PROTOTYPE RESULTS
 

Origins

Enstore was originally written in Python under Linux using disk files to simulate tape drives. It ported easily to IRIX and AIX. Next, it was extended with a C module named ETape that calls FTT (Fermi Tape Tools). FTT is used to obtain the information about space remaining on tape cartridges and errors encountered while accessing tapes. This phase required a more extensive test environment.

Test Stand

The test stand that evolved contained different operating systems, different network connections, and different kinds of tape drives. The test stand schematic shows the layout.

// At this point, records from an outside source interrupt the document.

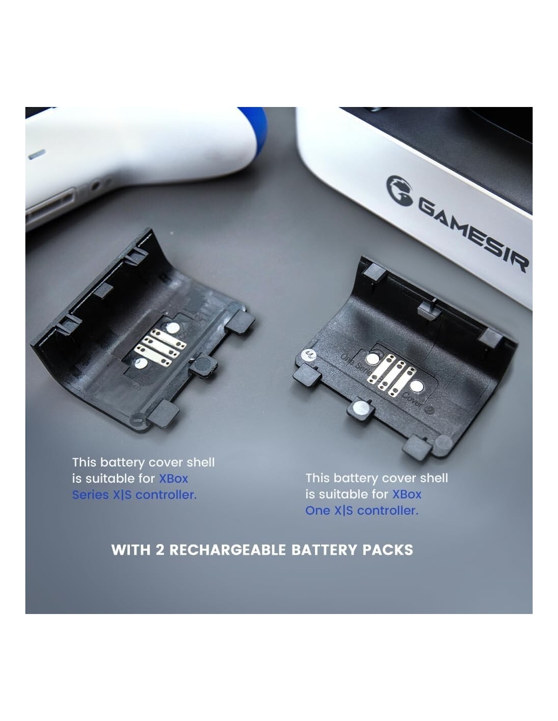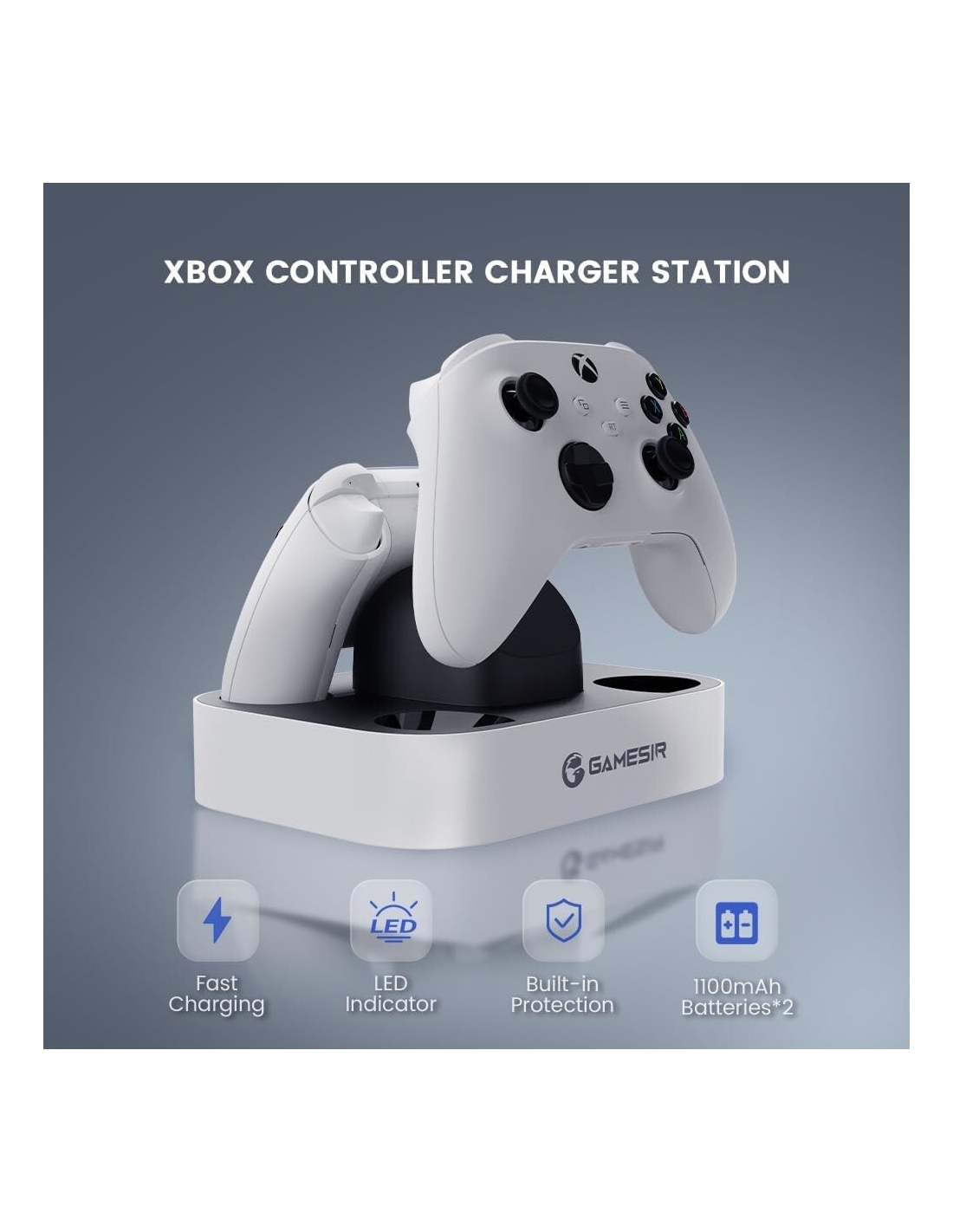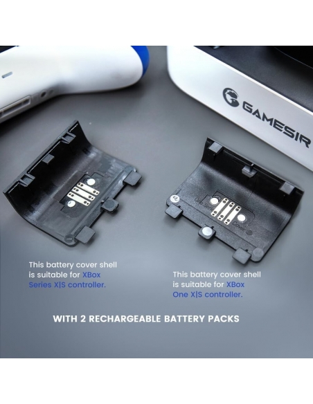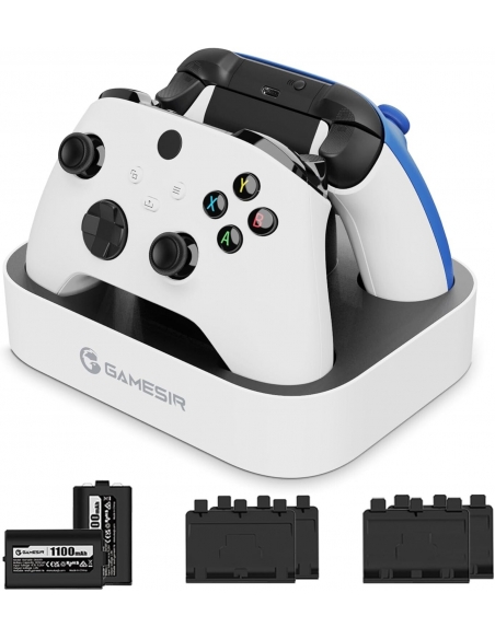 - La stazione di ricarica GameSir è progettata specificamente per i controller XBOX One, XBOX one X|S, XBOX serie X|S. Inoltre, viene fornito con quattro coperchi della batteria, due per Xbox One e due per XBOX Series X|S! Inoltre, con due slot per controller, che possono essere caricati contemporaneamente! Fornisci tempo di gioco infinito e dì addio alla batteria scarica!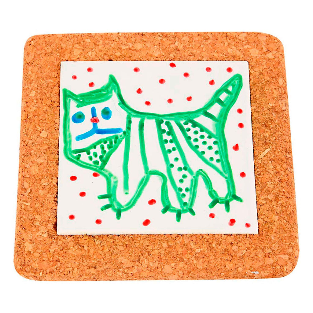 Versier je eigen Onderzetter! Deze kurken onderzetter is voorzien van een witte keramieken tegel waarop je met porseleinstiften- of verf kan tekenen of schilderen.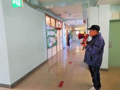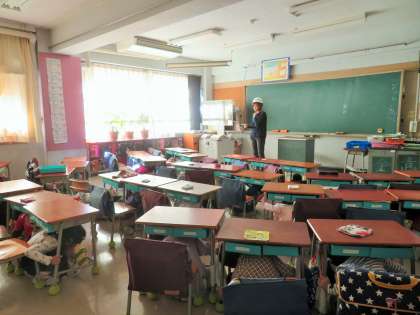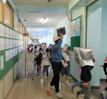 今日は11月の避難訓練で、放送機器が使えないことを想定しての訓練です。放送機器の代わりに学校主事が大きな声で「訓練です。火事です。主事室から出火。避難してください。」と、廊下を走って知らせました。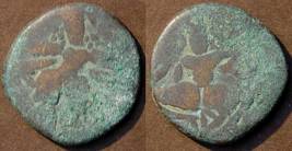 | Description / विवरण | Descrpn./Obv Stylised seated Goddess facing; Sharada legend, Cha (on r.). Descrpn./Rev Stylised standing king design; Sharada legend, kra (on r.) |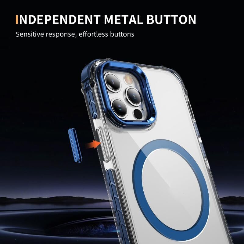 For iPhone 12 Pro Rainbow Series Transparent MagSafe Lens Holder Phone Case(Blue)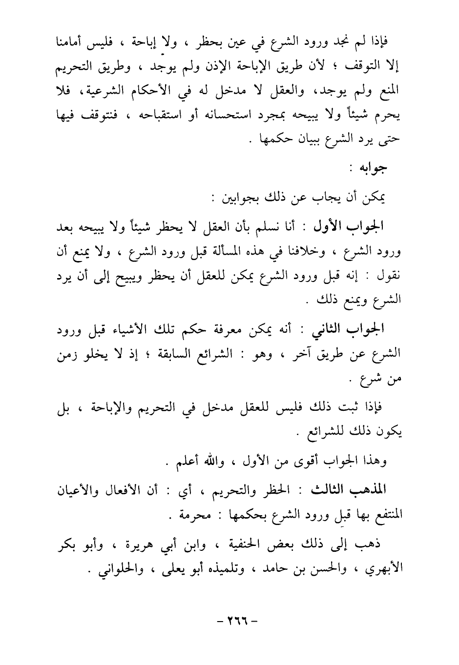الجواب الأول: أنا نسلم بأن العقل لا يحظر شيئاً ولا يبيحه بعد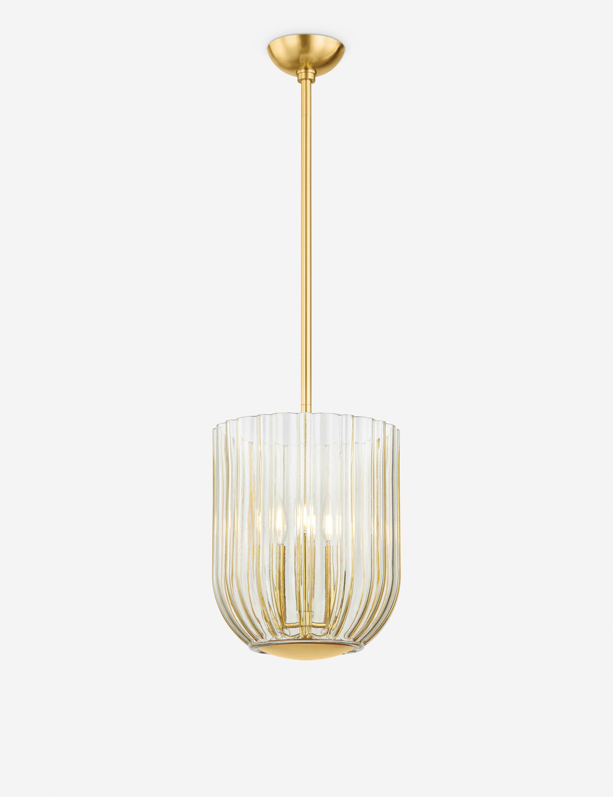 Scalloped champagne glass with an antique brass-finished stem and canopy brings a soft, floral character to the Morera pendant light. Itâs an artistic display that fills your living space with ambient light. Simply impeccable, this pendant is a stunning addition to sophisticated spaces.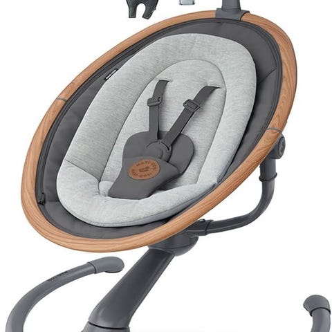Babysitter från Jolie i beige med svart ställning och sele. Har båge med hängande leksaker och justerbart gungläge framtill.
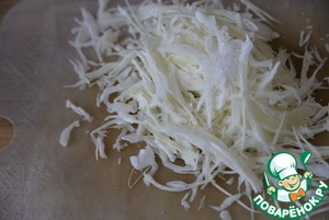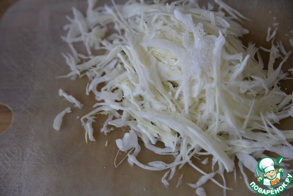 Тонко шинкуем капусту, слегка перетираем с солью и сахаром.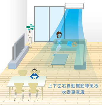一般冷氣只有上下自動擺動的導風板,冷氣吹送的範圍受限;

(also available in Postscript)

Some of the interesting points in the test stand:

  • A 20MB/sec fibre channel network connection between two AIX nodes.
  • A 56KB/sec to a remote Linux PC
  • Two Storage Tek Redwood tape drives (10MB/sec). For tape drive testing results see http://www-hppc.fnal.gov/rip/tapetests/index.html
  • A Storage Tek 4410 silo and robot
  • Exabyte 8500 tape drives
  • Enstore library managers and movers running on Linux, Irix and AIX platforms
  • Test Results

    Initial Testing

    Initial testing was done using pcfarm4 as a sever node (pnfs, bit file, volume clerk, and log server). Fndapr, willow, fntt1, and hppc ran encp  and movers.  They  read and wrote data until their disks
    were full and then they continued reading data.   This continued for several days until it was stopped.
    The point was to test the design of the system and the robustness of the servers under load.

    Performance Testing

    The most significant performance test results were obtained using the two AIX machines with fibre channel connection and the Redwood tape drives. Enstore repeatedly wrote eight cartridges (50 GB each) or 400 GB of random data in in approximately 60 hours. Eight cartridges was the number available for the test and there is no reason to believe enstore could not have continued.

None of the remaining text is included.